What is clear is that the UMC is on a trajectory of conservatism. As liberal U.S. churches threaten to leave or are removed and international churches grow year after year, the denomination’s shift will likely continue. Tooley said he hopes that as the denomination continues to globalize and return to Christian orthodoxy, the U.S. church will stop declining and start growing again. But when asked how fast he thought changes would come, he was realistic: “Everything in Methodism moves pretty slowly.”
Comments
austinbeartux
Posted: Fri, 03/01/2019 05:38 pmI'm grateful for the UMC churches in Africa, the Philippines, and Europe staying true to God and His Word.
Cmakowski
Posted: Sat, 03/02/2019 10:29 amPraying for UMC. Thank you for acknowledging that truth doesn’t change.
JerryM
Posted: Sun, 03/03/2019 05:47 pmApart from clarity the exercise of loving God-honouring discipline is long awaited.
Xion
Posted: Mon, 03/04/2019 11:16 amThe real divide in the conservative vs liberal churches is whether the Bible is God's Word or a collection of myths.

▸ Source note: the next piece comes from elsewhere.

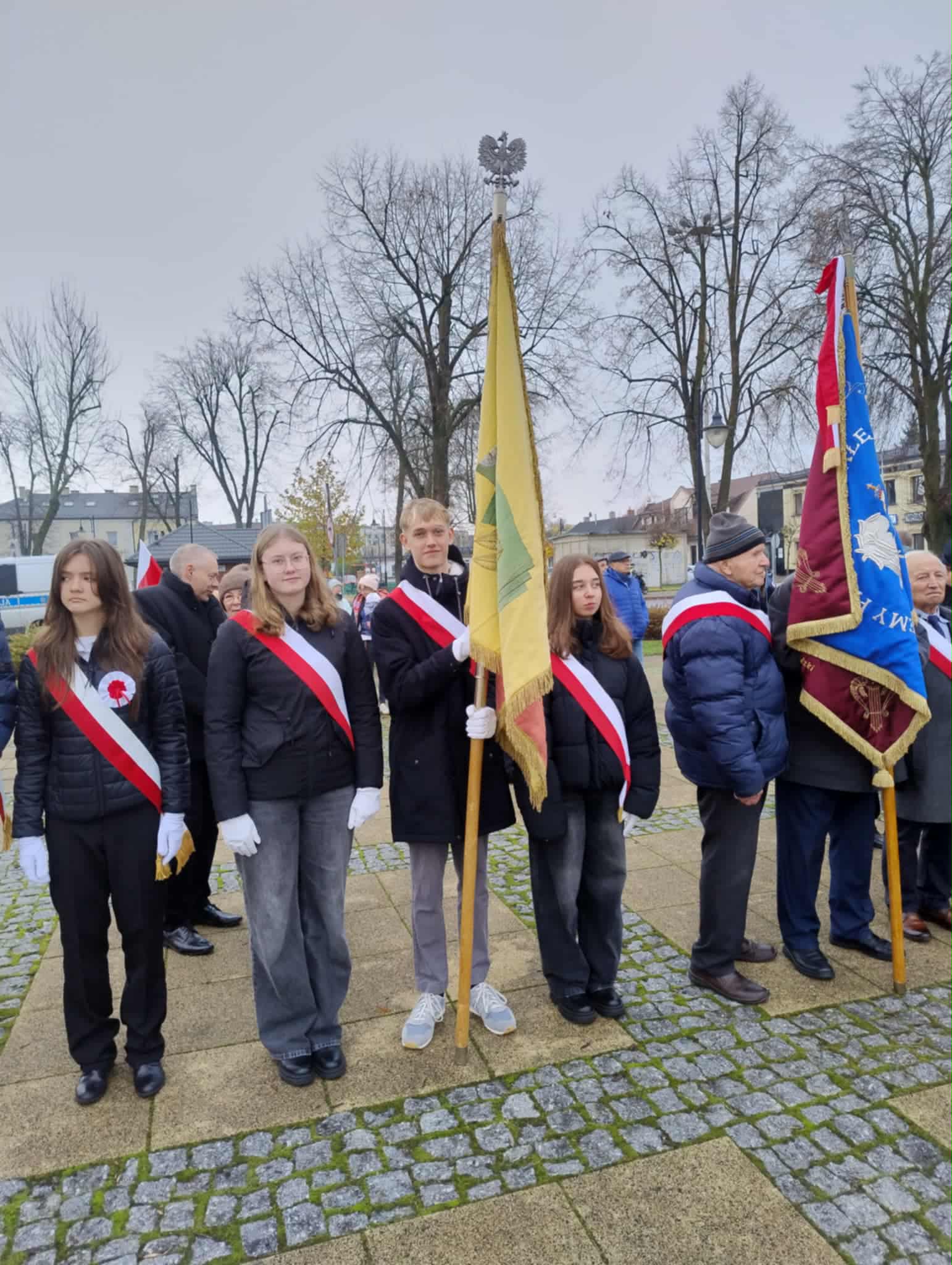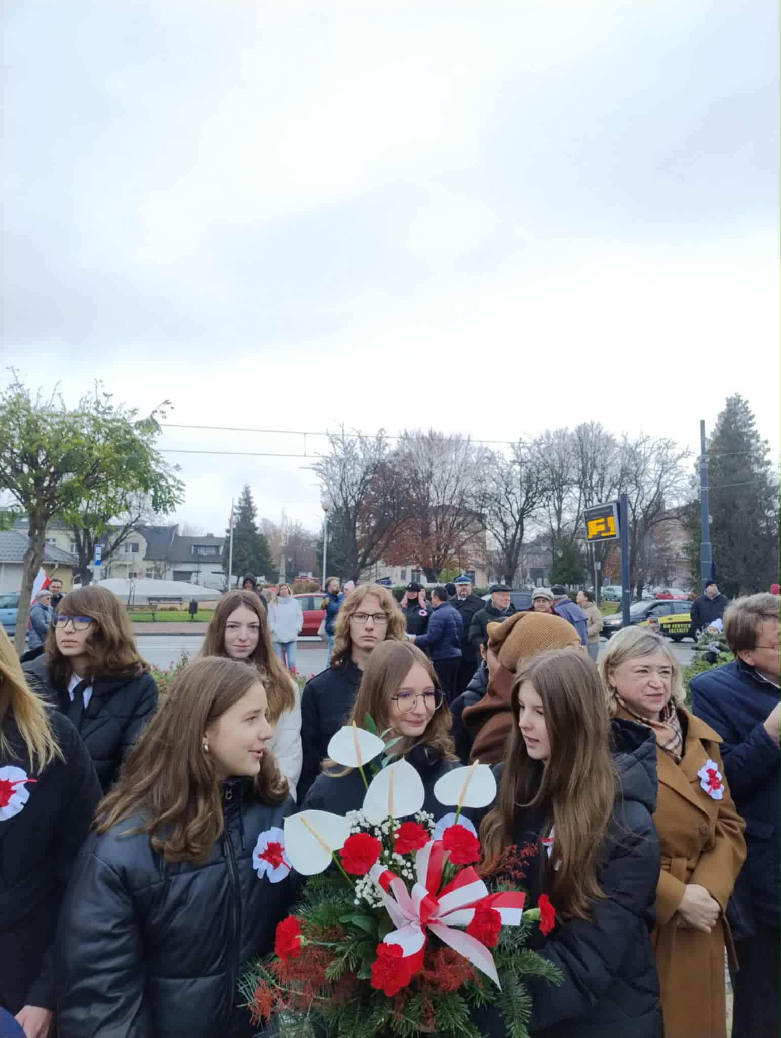 Naszą szkołę reprezentowali uczniowie klas starszych, poczet sztandarowy oraz opiekunowie. Młodzież godnie zaprezentowała się podczas całej ceremonii, z dumą nosząc narodowe symbole oraz biorąc udział w składaniu kwiatów.

Sexual confusion is merely the latest battle in the long war against God. Previously creation vs evolution rocked the foundations. The UMC surge is heartening, but probably also short lived. God's word carries on regardless. Attendence falls in churches that disregard his word and rises in ones that revere it.
Rich277
Posted: Tue, 03/05/2019 06:53 amThe UMC can’t be united if they worship different gods. One side worships the God of the bible, and the other side worships a pantheon of the gods of this age: the golden donkey god of the DNC, the gonad gods of the sexual revolution, the mirror god of “ME,” and a host of others. And as the children in this second group are discovering, they don’t need a church to worship these gods; they only need to turn on their smartphone or tv.
1 Reality
Posted: Tue, 03/05/2019 10:31 amI'm certainly encouraged to see believers in church leadership standing strong in support of God's Word while enduring the rebellion of many wanting to ignore clear Biblical teaching. As usual, the world is spinning the narrative that sexual behavior is whatever one desires instead of acknowledging Biblical sexuality and gender as serious and intimate worship and affirmation of God's authority and lordship.
Midwest preacher
Posted: Fri, 03/08/2019 06:47 amI have lately been thinking along the lines of marriage being a sacrament. It is a form of worship. What Christian minister could therefore perform a sacrament that was not in keeping with the Biblical practice? Is this more a worship issue than we have previously believed? Why the need on the part of the homosexual community to force this practice into churches that don't believe it? Why not start your own group? Why do violence to the sacred beliefs of others? As I say is it more a worship issue than a sin issue? Who will we worship? Rich277, I found your comment thought provoking.